Preliminary diagnosis: Confluent and reticulated papillomatosis (incorrect)
Following a punch biopsy with nonspecific results, a dermatologist appeared to type something like “chest spots” into his exam-room diagnosis database and read off the first thing that popped up — a condition affecting most of the torso — not an area the size of a nickel. For this, an ineffective $500 ointment was prescribed. The correct cream costs less than 20 bucks.

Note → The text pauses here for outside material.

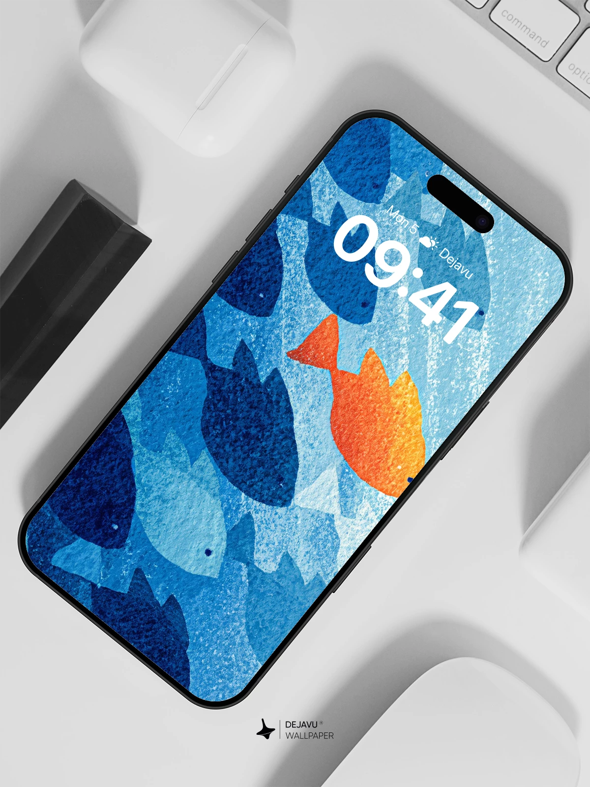 In this striking illustration, a single orange fish breaks from the uniform blue school, symbolizing individuality and courage. The minimalist aquatic design uses bold colors and clean shapes to create a visually compelling scene. Inspired by modern graphic art with a touch of symbolic storytelling, it evokes themes of standing out and embracing uniqueness. Ideal as an 8K wallpaper for iPhone, Android, or tablets, this artwork brings dynamic energy and creative depth to any screen.
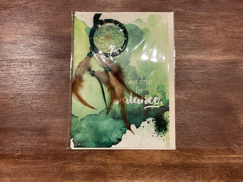 Inspirational greeting card with green watercolour card design and attached with a handmade 2" green dream catcher.

Miscellaneous allergy-related diagnoses
Three doctors have asked me what drug do I want to try — as if the patient should know in advance. At least four specialists evidently prescribe the same medication to all their patients. One even added, ”More than half of them respond well.” Well good for them, but I am uncomfortable with suicide as a side effect.
A few black-box warning prescriptions and those with ingredients to which I have had prior allergic reactions have been discontinued after department heads discovered the error. I was simply told the prescribers no longer work for the company and to stop taking the drugs immediately. While looking up side effects for one sample prescription handed to me by a well-meaning doctor, I discovered it had been recalled. Crisis averted before taking any.
Road to compliance
Mistakes can happen with anyone. But as an apparent lightning rod for botched prescriptions, adverse reactions must be my primary reason for non-compliance to varying degrees. I am also apprehensive about taking drugs indefinitely — especially when there is no apparent benefit. In my mind, ideal circumstances for prescriptions with compliance looks something like this:
- Evaluate thorough patient history
- Accurately diagnosis condition
- Provide easy-to-follow instructions
- Determine if the patient can afford prescription
- Identify a clear path to a favorable outcome
- Short interval between follow up
- Adjust according to patient reaction
My current physicians are asked to prescribe as low dose as possible to gauge reaction before increasing dosage. Lists of side effects and contraindications are studied prior to ingestion. This helps me to identify symptoms that should be alerted to my doctor immediately verses the next office visit.
Recognize that for some ailments, there is no medical cure. Prescribing medications without likely recovery is frustrating and expensive. The remedy may require addressing a change in diet or physical fitness. For chronic pain, patient comfort is most desirable.
Online services and apps now allow prescription price comparisons and coupons. This may not always be helpful when the doctor’s office requests, before you leave, the name of the pharmacy to send the prescription electronically.
Patients with several prescriptions might benefit from dividing them within daily pill containers. In addition to vitamins, I currently take one prescription at bedtime and another as needed. They do not cure all that ails me, but they are affordable, have predictable side effects, and the steps for compliance are simple to follow.